=== Begin Enclosure ===
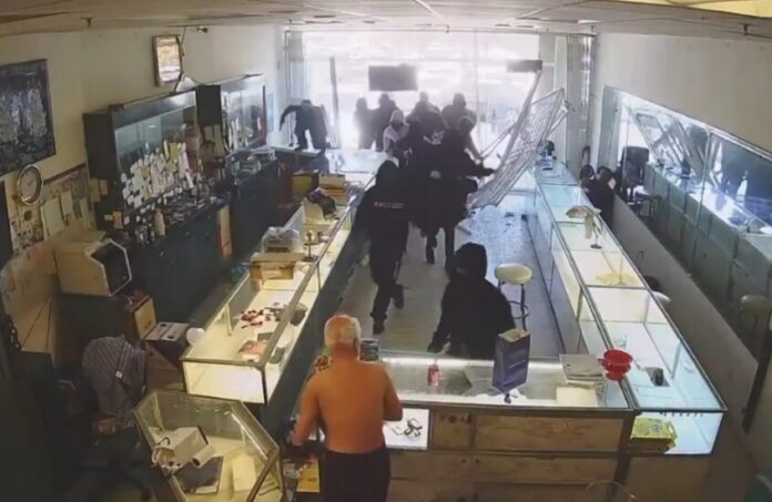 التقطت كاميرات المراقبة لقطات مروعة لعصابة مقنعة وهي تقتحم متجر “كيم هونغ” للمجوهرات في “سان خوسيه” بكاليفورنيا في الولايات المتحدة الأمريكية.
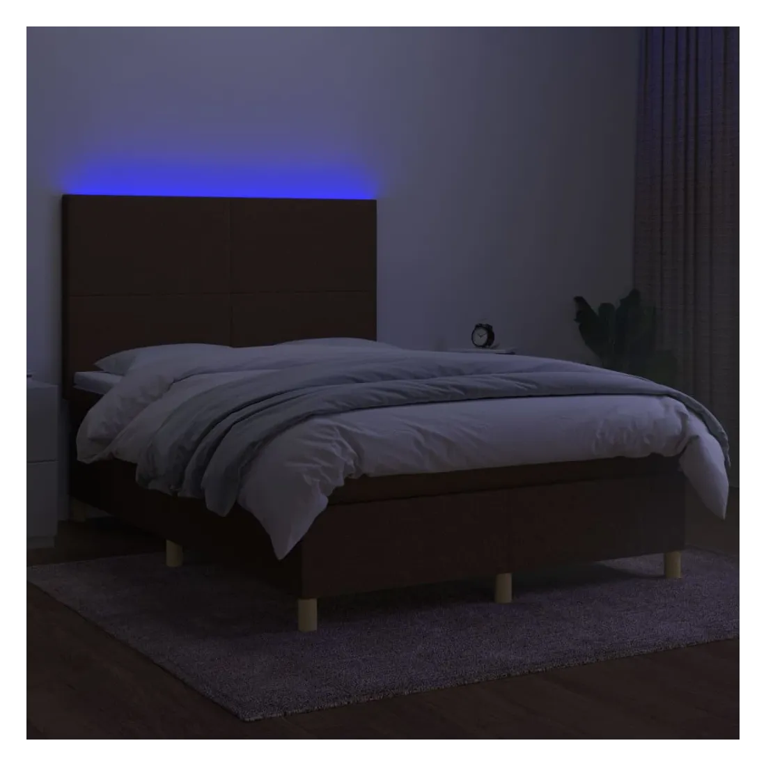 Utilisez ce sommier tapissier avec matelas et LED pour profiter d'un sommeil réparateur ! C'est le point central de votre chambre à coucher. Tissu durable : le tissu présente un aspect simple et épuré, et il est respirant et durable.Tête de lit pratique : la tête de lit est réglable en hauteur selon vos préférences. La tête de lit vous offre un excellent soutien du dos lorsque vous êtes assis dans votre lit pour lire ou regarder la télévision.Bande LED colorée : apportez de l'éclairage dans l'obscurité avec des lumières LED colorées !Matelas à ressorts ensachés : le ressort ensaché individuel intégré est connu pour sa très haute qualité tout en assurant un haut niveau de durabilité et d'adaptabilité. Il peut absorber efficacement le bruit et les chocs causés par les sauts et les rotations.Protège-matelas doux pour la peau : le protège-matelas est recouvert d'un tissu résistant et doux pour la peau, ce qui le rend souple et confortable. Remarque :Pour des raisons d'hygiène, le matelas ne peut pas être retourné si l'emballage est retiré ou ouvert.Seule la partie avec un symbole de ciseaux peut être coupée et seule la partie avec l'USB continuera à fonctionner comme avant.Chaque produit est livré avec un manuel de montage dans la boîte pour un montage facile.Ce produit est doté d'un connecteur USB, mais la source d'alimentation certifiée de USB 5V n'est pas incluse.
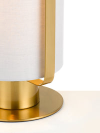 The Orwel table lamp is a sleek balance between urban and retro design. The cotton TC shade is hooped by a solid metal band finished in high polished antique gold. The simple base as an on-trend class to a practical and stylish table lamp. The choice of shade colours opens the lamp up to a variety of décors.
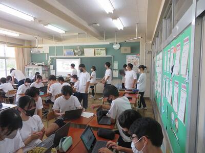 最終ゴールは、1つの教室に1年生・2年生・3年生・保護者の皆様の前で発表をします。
=== End Enclosure ===
Problem description
Copy exactly the lines running from the beginning of the listing through the line that has "Utilisez ce sommier". Drop the pictures.

Exercise result
 التقطت كاميرات المراقبة لقطات مروعة لعصابة مقنعة وهي تقتحم متجر “كيم هونغ” للمجوهرات في “سان خوسيه” بكاليفورنيا في الولايات المتحدة الأمريكية.
 Utilisez ce sommier tapissier avec matelas et LED pour profiter d'un sommeil réparateur ! C'est le point central de votre chambre à coucher. Tissu durable : le tissu présente un aspect simple et épuré, et il est respirant et durable.Tête de lit pratique : la tête de lit est réglable en hauteur selon vos préférences. La tête de lit vous offre un excellent soutien du dos lorsque vous êtes assis dans votre lit pour lire ou regarder la télévision.Bande LED colorée : apportez de l'éclairage dans l'obscurité avec des lumières LED colorées !Matelas à ressorts ensachés : le ressort ensaché individuel intégré est connu pour sa très haute qualité tout en assurant un haut niveau de durabilité et d'adaptabilité. Il peut absorber efficacement le bruit et les chocs causés par les sauts et les rotations.Protège-matelas doux pour la peau : le protège-matelas est recouvert d'un tissu résistant et doux pour la peau, ce qui le rend souple et confortable. Remarque :Pour des raisons d'hygiène, le matelas ne peut pas être retourné si l'emballage est retiré ou ouvert.Seule la partie avec un symbole de ciseaux peut être coupée et seule la partie avec l'USB continuera à fonctionner comme avant.Chaque produit est livré avec un manuel de montage dans la boîte pour un montage facile.Ce produit est doté d'un connecteur USB, mais la source d'alimentation certifiée de USB 5V n'est pas incluse.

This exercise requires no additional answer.